## Task requirements
A faithful copy of the data below is required, leaving out every picture.

## Dataset excerpt
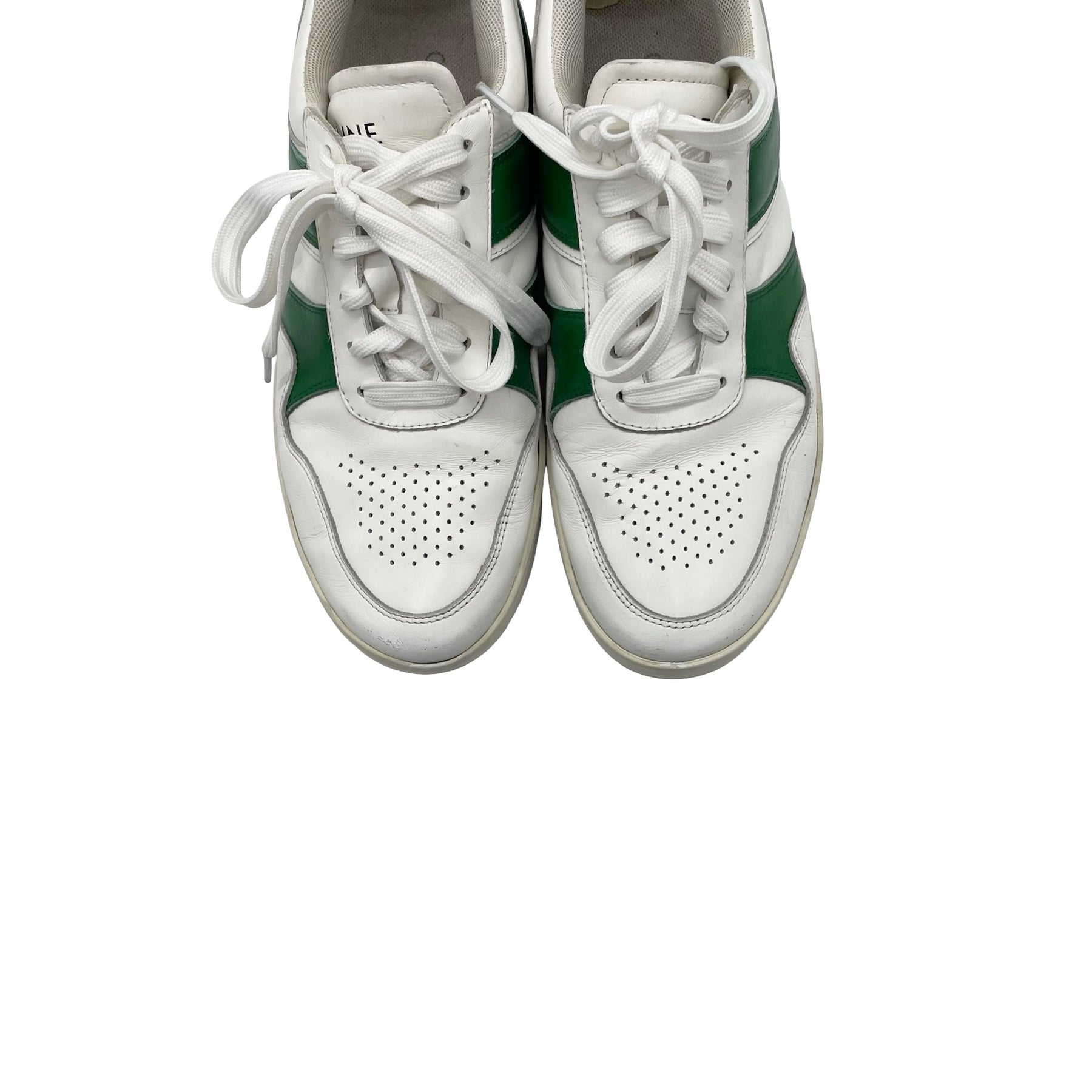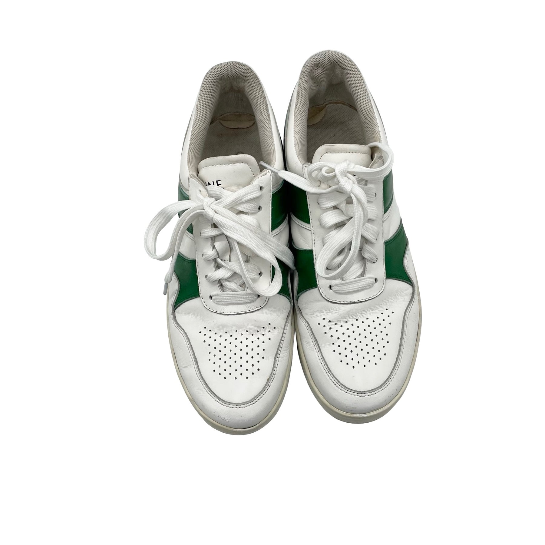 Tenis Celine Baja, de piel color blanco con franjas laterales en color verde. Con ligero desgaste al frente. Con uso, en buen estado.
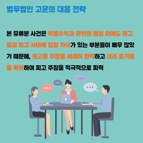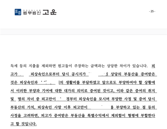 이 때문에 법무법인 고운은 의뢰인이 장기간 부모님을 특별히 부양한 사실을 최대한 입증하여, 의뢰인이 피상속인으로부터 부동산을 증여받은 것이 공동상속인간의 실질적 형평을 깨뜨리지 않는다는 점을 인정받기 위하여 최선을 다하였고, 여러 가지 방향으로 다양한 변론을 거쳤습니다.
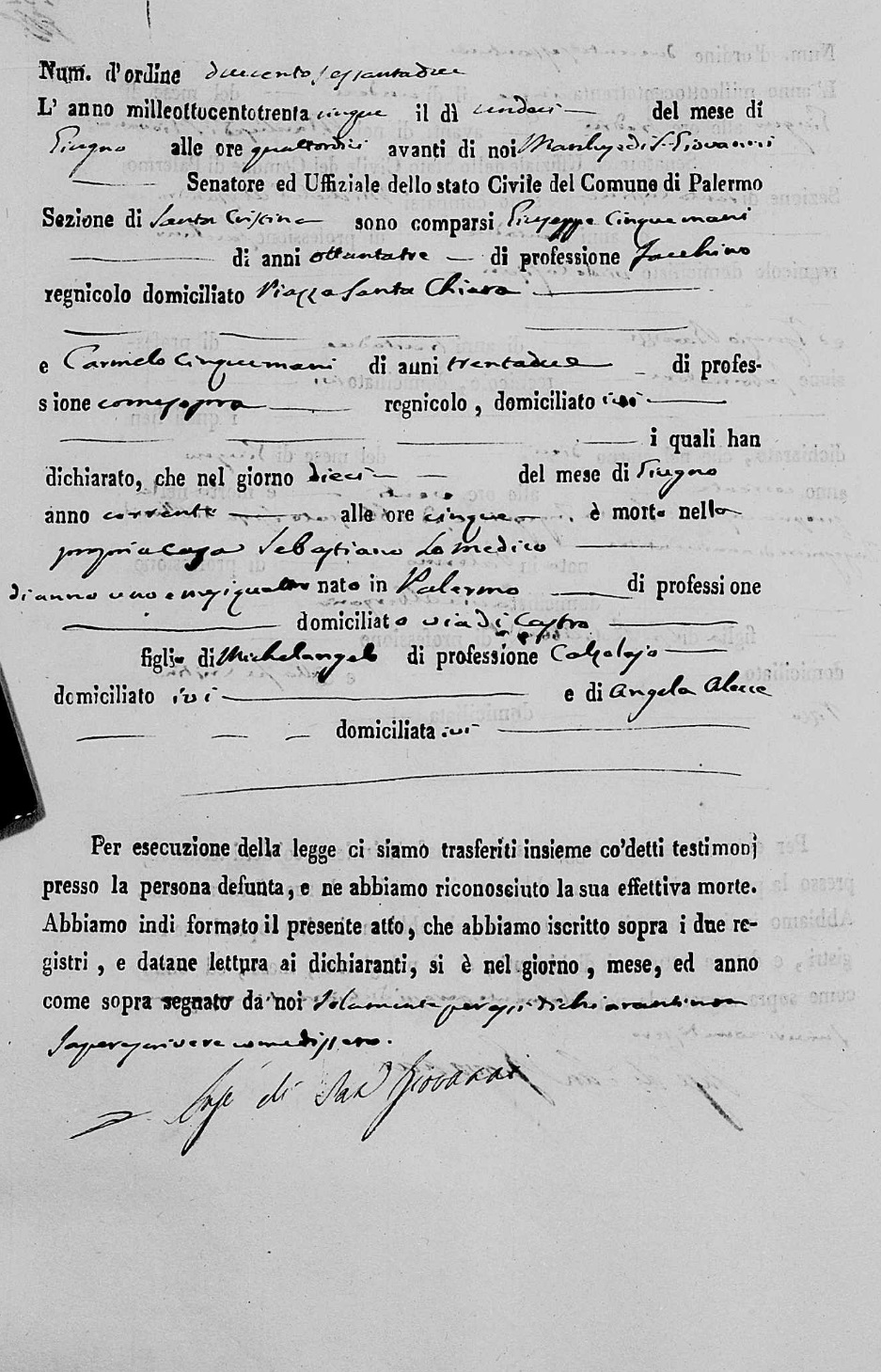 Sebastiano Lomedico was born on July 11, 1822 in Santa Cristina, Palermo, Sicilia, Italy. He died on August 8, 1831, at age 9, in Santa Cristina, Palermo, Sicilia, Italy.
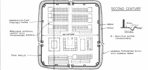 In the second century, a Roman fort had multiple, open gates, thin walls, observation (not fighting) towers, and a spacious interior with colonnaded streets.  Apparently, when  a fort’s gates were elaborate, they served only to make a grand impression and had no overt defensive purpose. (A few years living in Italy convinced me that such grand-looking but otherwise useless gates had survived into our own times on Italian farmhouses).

## Solved problem
 Tenis Celine Baja, de piel color blanco con franjas laterales en color verde. Con ligero desgaste al frente. Con uso, en buen estado.
 이 때문에 법무법인 고운은 의뢰인이 장기간 부모님을 특별히 부양한 사실을 최대한 입증하여, 의뢰인이 피상속인으로부터 부동산을 증여받은 것이 공동상속인간의 실질적 형평을 깨뜨리지 않는다는 점을 인정받기 위하여 최선을 다하였고, 여러 가지 방향으로 다양한 변론을 거쳤습니다.
 Sebastiano Lomedico was born on July 11, 1822 in Santa Cristina, Palermo, Sicilia, Italy. He died on August 8, 1831, at age 9, in Santa Cristina, Palermo, Sicilia, Italy.
 In the second century, a Roman fort had multiple, open gates, thin walls, observation (not fighting) towers, and a spacious interior with colonnaded streets.  Apparently, when  a fort’s gates were elaborate, they served only to make a grand impression and had no overt defensive purpose. (A few years living in Italy convinced me that such grand-looking but otherwise useless gates had survived into our own times on Italian farmhouses).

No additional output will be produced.